# X1950pro 512mb agp version clock



## Morgoth (Aug 14, 2007)

hi there is there anny one that got a overlocked x1950 pro 512mb?

mine is at core 627mhz mem 776 ( som times 790 not stable after 40min )

when i set the core to 634 it crashed my temps are low 

GPU  (MIN/MAX/AVG): 36c 50c 38c

GPU environment  (MIN/MAX/AVG): 42c 63c 46c

is there a way to get over 634mhz with out crashing


----------



## casper250c (Aug 14, 2007)

What are you using to overclock it?  

I tried ATI Tool on mine and it did the same I don't know why but it don't seem to be compatible I had the same problem over 634 it would crash..  I use the OVERDRIVE in ATI now and can easily get 650 core and as high as 799 (1598) memory, I could probably go farther but see no need since my CPU is bottle necking me already


----------



## erocker (Aug 14, 2007)

Unfortunatley the answer is no.  634 is the limit on x1950 cards because there is no way to supply it more voltage.  I know there is a thread on TPU with different bios' but I doubt there is anything for your card.  It would be worthwhile to take a look though:
http://forums.techpowerup.com/showthread.php?t=25301


----------



## Morgoth (Aug 14, 2007)

hmmm my cart got 2x 4pin power connectors on it not enough power?
i use atitool 0,27 
i give overdrive a try

i have readed that topic before i have no idea how to instal that bios :S


----------



## InnocentCriminal (Aug 15, 2007)

Give Overdrive a try... worked for me, got my RAM right up to what 780 or something stable. Still... don't have it installed at the moment due to testing out 7.8's. Still not working for me.


----------



## Morgoth (Aug 15, 2007)

i just tried overdrive wont go higher then 621 core even didt even stay at 627


----------



## InnocentCriminal (Aug 15, 2007)

Crapsticks and crapass!  What driver version are you on? I find the 7.8's are _really_ bad for me, give me complete system lag and utter frame loss in games. I think I'm the only one with this. You, however, may find they're much better. Improvements to Overdrive are in this release.


----------



## Morgoth (Aug 15, 2007)

i'm using 7,7 ccc and atitool 0,27


----------



## InnocentCriminal (Aug 15, 2007)

Worth trying out the 7.8's?


----------



## Morgoth (Aug 15, 2007)

i never heard abouth 7,8 only the beta version so the final version is released?


----------



## InnocentCriminal (Aug 15, 2007)

Yeah man, only yesterday too! 7.8


----------



## Morgoth (Aug 15, 2007)

i give it a try tomorow and see wat it does

btw talking abouth frame lost wats ur fps in a high end game like half-life 2 ?


----------



## InnocentCriminal (Aug 15, 2007)

With the 7.7's installed I get 35 minimum, 80 average and 180+ maximum. When using the 7.8's these halve. Or net graph lies and says 60 to 80 average when I'm lagging out all over the screen.

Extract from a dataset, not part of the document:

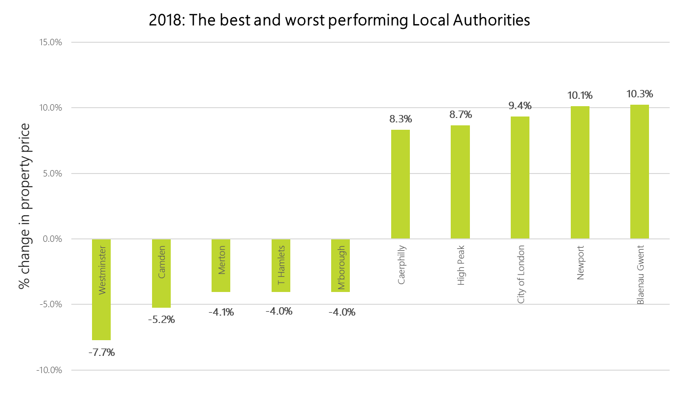 To evaluate how a region is performing, 4most’s AVM looks at all sales in the region. Where a house has been sold twice then the growth in price from one sale to the next can in most cases be attributed to price growth in the region. By aggregating this information, a regional view can be extracted which can be used to create an up to date value of any given house in the region. Evaluating 2018, our model displayed the below best and worst performing Local Authorities that year, proving, as expected, that the removal of the toll on the Severn Bridge has had a positive impact on house prices in South Wales.

Really hard to play. 



I run my games at 1680 x 1050 with High quality textures (apart from Reflections) with 4xMSAA and Triliner Flitering. HDR enabled. All recommended settings.


----------



## Morgoth (Aug 15, 2007)

dude u sould be proud on those fps i never reash those fps 

on half-life 2 source engine games i get from 10 minium 30 avg and 67maxium every thing on high settings 

lost planet around 18-30fps high settings


----------



## InnocentCriminal (Aug 15, 2007)

Don't get me wrong - I'm extremely pleased with how my X1950 Pro performs with the 7.7's. What I'm completely disappointed in, and slightly pissed off about is the fact I seem to be the only one (on these forums) having an opposite effect when updating to the 7.8's. Everyone else seems to be enjoying a decent update when I'm going backwards and having performance issues. 

Story of my life... in a sense.

That's why I'm really interested to see if you have the same issue or if they work better for you. Which is what I'm hoping!


----------



## casper250c (Aug 15, 2007)

Sorry friend I was partially wrong  it's not OverDrive sorry bout that I used it was RivaTuner and its 648 core 796 (1593) memory, BUT I'm not joking about the clocks, I don't know why it works it just does..

I do use AtiTool to watch temps though and while playing CS:S it never goes over 54c with everything on high..

InnocentCriminal can you explain to me how this happens?


----------



## InnocentCriminal (Aug 15, 2007)

You may just have a really good GPU. Could be one of the best from the waffer it was cut from. Not all CPUs (and in this case GPUs) are made equal. Even though they could come from the same waffer - one could withstand higher clocks than the other.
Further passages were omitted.